Work request ▸
Transcribe exactly the lines from the first line of the records through the line containing "The small GG", and leave out every picture.

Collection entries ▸

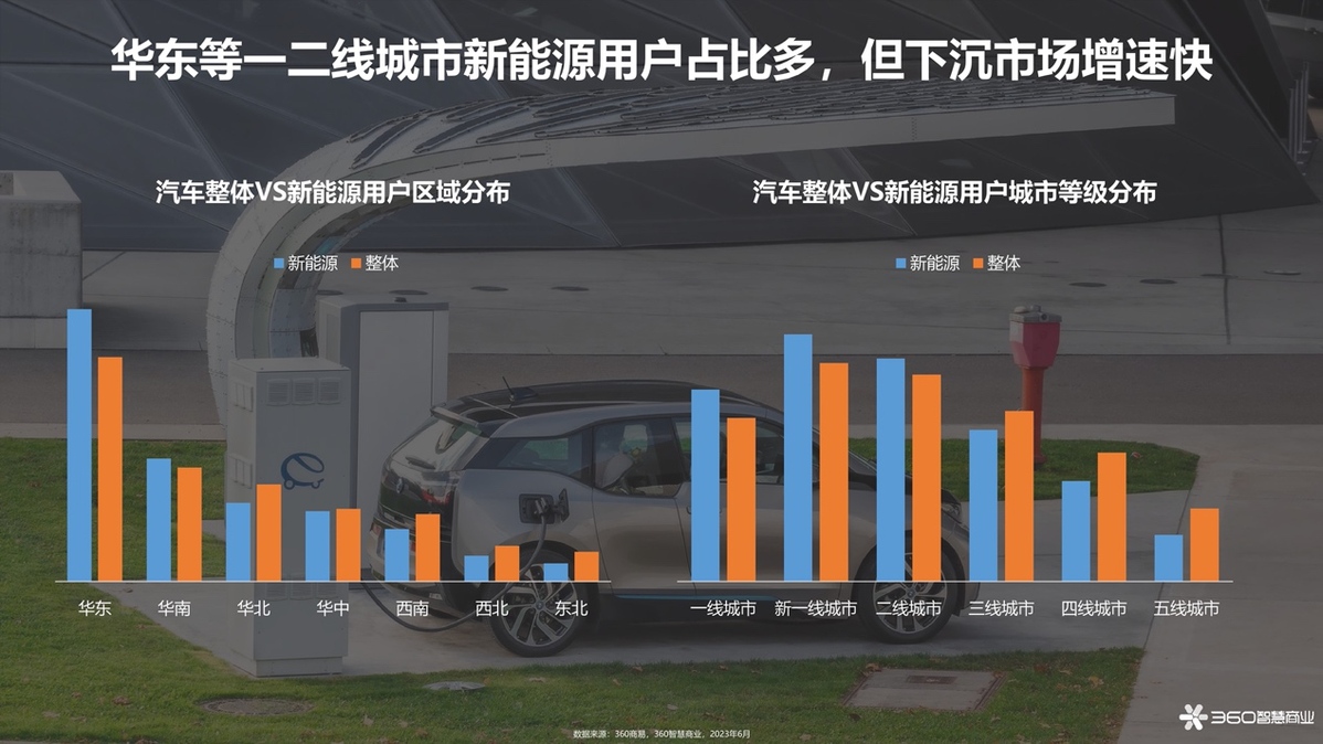 進(jìn)入2023年,新能源汽車更是進(jìn)入全面迅猛發(fā)展的階段,銷量穩(wěn)步持續(xù)提升。在地域分布上,華東、華南等氣候較溫暖地區(qū)新能源汽車用戶占比最高,而極易遭遇嚴(yán)寒天氣的西北、東北地區(qū),用戶占比最少,展示出顯著的地域分布特點(diǎn)。而在城市等級(jí)分布中,報(bào)告顯示,三、四、五線城市中,新能源汽車和汽車整體的用戶數(shù)量差距正在縮小,更多消費(fèi)者對(duì)新能源汽車的態(tài)度已由謹(jǐn)慎觀望轉(zhuǎn)變?yōu)橹鲃?dòng)擁抱。
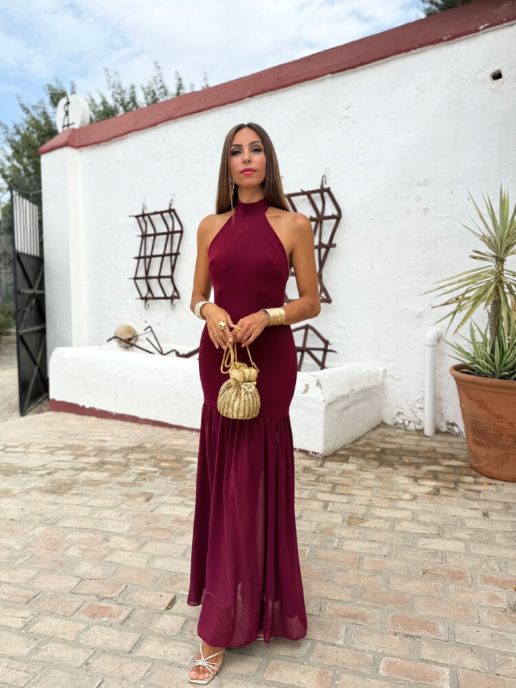 Vestido burdeos en crespón y gasa con cuello halter. Su falda fluida aporta movimiento y frescura, creando un estilo elegante y especial. Ideal para eventos, resalta tu presencia con comodidad y un diseño actual que transmite distinción y sofisticación.
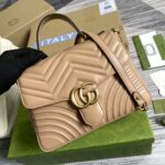 The small GG Marmont top handle bag has a softly structured shape and an oversized flap closure with Double G hardware. Made in matelassé ch...
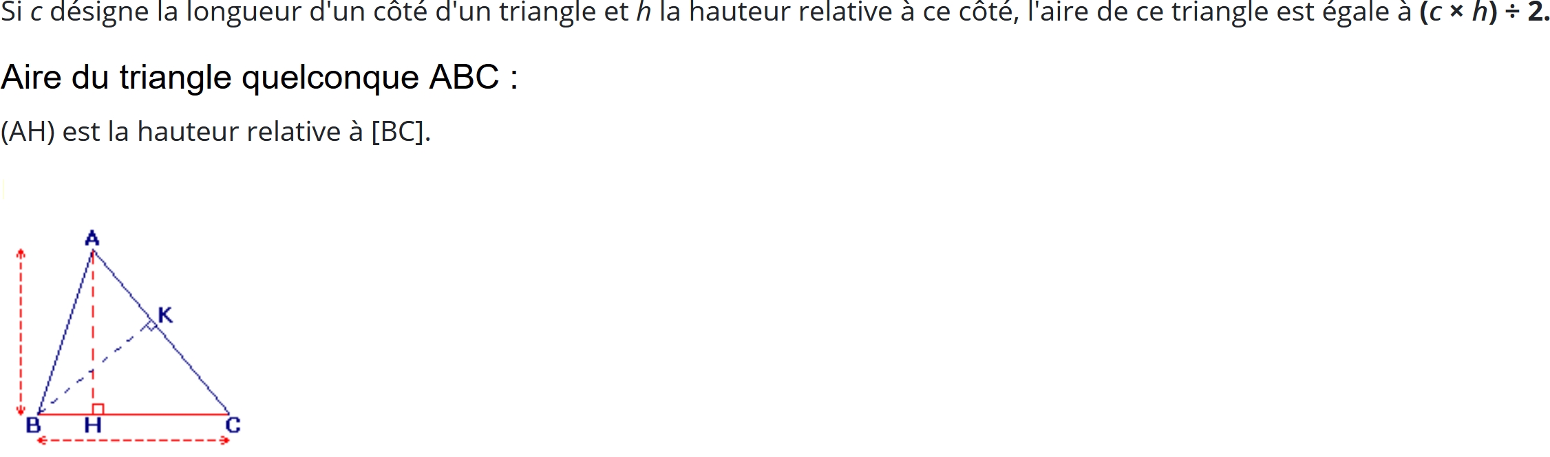 Saisissez la longueur du segment BC ainsi que la longueur du segment AH en centimètres, cliquez sur le bouton et je vous dirai l'aire de ce triangle.
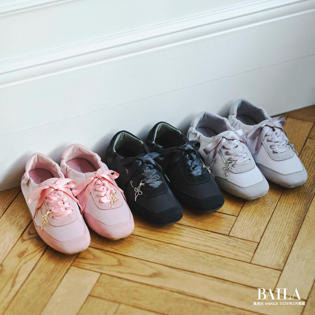 バレエのトゥーシューズのような華奢でフェミニンなデザインの薄底スニーカー。サテン素材のアッパーとリボンモチーフのチャームが、バレエコアやリボンディテールのトレンドをしっかり押さえた1足です。
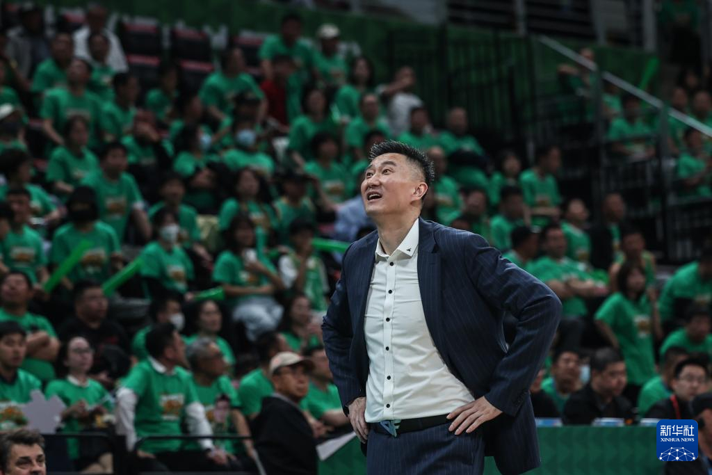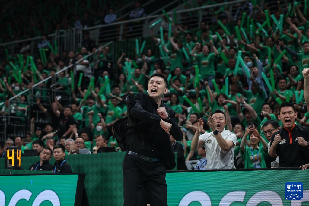 5月11日,辽宁队主教练杨鸣在比赛中庆祝。新华社记者 潘昱龙 摄

Answer to this problem ▸
 進(jìn)入2023年,新能源汽車更是進(jìn)入全面迅猛發(fā)展的階段,銷量穩(wěn)步持續(xù)提升。在地域分布上,華東、華南等氣候較溫暖地區(qū)新能源汽車用戶占比最高,而極易遭遇嚴(yán)寒天氣的西北、東北地區(qū),用戶占比最少,展示出顯著的地域分布特點(diǎn)。而在城市等級(jí)分布中,報(bào)告顯示,三、四、五線城市中,新能源汽車和汽車整體的用戶數(shù)量差距正在縮小,更多消費(fèi)者對(duì)新能源汽車的態(tài)度已由謹(jǐn)慎觀望轉(zhuǎn)變?yōu)橹鲃?dòng)擁抱。
 Vestido burdeos en crespón y gasa con cuello halter. Su falda fluida aporta movimiento y frescura, creando un estilo elegante y especial. Ideal para eventos, resalta tu presencia con comodidad y un diseño actual que transmite distinción y sofisticación.
 The small GG Marmont top handle bag has a softly structured shape and an oversized flap closure with Double G hardware. Made in matelassé ch...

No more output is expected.